(SUPPLIED INFORMATION begins)
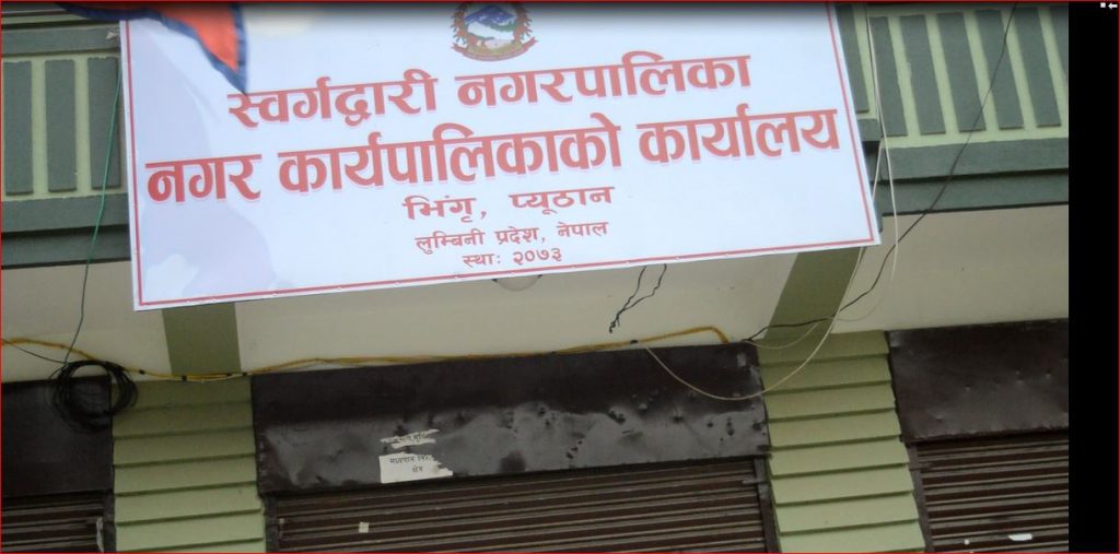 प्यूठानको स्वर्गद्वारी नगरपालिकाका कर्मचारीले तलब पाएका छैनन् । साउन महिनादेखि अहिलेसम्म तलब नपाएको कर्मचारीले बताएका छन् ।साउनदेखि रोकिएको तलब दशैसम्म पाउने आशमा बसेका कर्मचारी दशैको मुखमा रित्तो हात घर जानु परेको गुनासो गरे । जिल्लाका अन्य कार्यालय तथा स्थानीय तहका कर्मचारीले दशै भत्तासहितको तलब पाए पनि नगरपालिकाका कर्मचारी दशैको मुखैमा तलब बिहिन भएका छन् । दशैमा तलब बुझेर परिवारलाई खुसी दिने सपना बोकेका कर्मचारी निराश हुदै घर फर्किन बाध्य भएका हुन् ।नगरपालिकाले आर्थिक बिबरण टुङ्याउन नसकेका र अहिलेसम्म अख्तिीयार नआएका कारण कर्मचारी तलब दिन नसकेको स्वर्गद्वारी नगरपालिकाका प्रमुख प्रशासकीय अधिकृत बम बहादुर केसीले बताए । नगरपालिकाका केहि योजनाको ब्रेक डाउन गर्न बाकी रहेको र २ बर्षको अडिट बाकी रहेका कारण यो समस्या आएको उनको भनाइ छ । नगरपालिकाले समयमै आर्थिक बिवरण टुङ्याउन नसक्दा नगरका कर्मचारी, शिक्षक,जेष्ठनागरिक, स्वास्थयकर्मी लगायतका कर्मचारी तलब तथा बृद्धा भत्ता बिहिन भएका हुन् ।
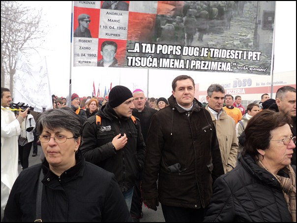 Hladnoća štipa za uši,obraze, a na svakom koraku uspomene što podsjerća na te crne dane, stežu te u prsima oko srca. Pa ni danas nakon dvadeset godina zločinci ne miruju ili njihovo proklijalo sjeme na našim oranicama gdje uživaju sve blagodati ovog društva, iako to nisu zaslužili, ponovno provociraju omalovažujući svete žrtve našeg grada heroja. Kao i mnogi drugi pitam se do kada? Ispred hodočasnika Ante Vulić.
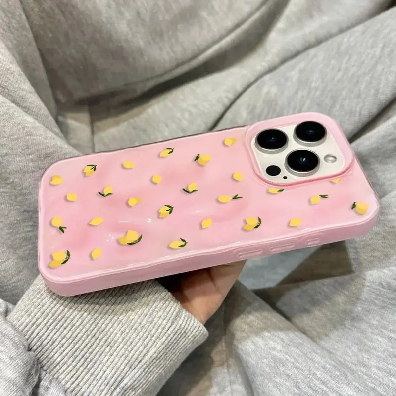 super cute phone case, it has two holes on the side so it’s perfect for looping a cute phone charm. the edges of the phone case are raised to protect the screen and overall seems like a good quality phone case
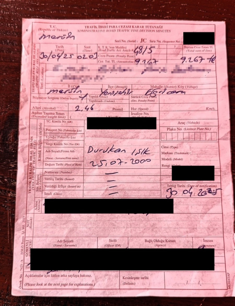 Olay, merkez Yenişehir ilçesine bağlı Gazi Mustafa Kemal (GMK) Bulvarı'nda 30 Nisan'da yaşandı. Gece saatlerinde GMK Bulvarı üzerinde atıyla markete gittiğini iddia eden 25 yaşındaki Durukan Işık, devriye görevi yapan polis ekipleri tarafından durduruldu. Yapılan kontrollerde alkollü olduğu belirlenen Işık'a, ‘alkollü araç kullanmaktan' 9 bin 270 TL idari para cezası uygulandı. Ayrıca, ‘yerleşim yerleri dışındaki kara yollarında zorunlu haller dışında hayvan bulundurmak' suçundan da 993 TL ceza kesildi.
(SUPPLIED INFORMATION ends)
• _PROBLEM DESCRIPTION_: Every line from the one bearing "super cute phone" through the end of the data above must be output exactly, and no picture may appear.

• _SOLUTION TO THE EXERCISE_:
 super cute phone case, it has two holes on the side so it’s perfect for looping a cute phone charm. the edges of the phone case are raised to protect the screen and overall seems like a good quality phone case
 Olay, merkez Yenişehir ilçesine bağlı Gazi Mustafa Kemal (GMK) Bulvarı'nda 30 Nisan'da yaşandı. Gece saatlerinde GMK Bulvarı üzerinde atıyla markete gittiğini iddia eden 25 yaşındaki Durukan Işık, devriye görevi yapan polis ekipleri tarafından durduruldu. Yapılan kontrollerde alkollü olduğu belirlenen Işık'a, ‘alkollü araç kullanmaktan' 9 bin 270 TL idari para cezası uygulandı. Ayrıca, ‘yerleşim yerleri dışındaki kara yollarında zorunlu haller dışında hayvan bulundurmak' suçundan da 993 TL ceza kesildi.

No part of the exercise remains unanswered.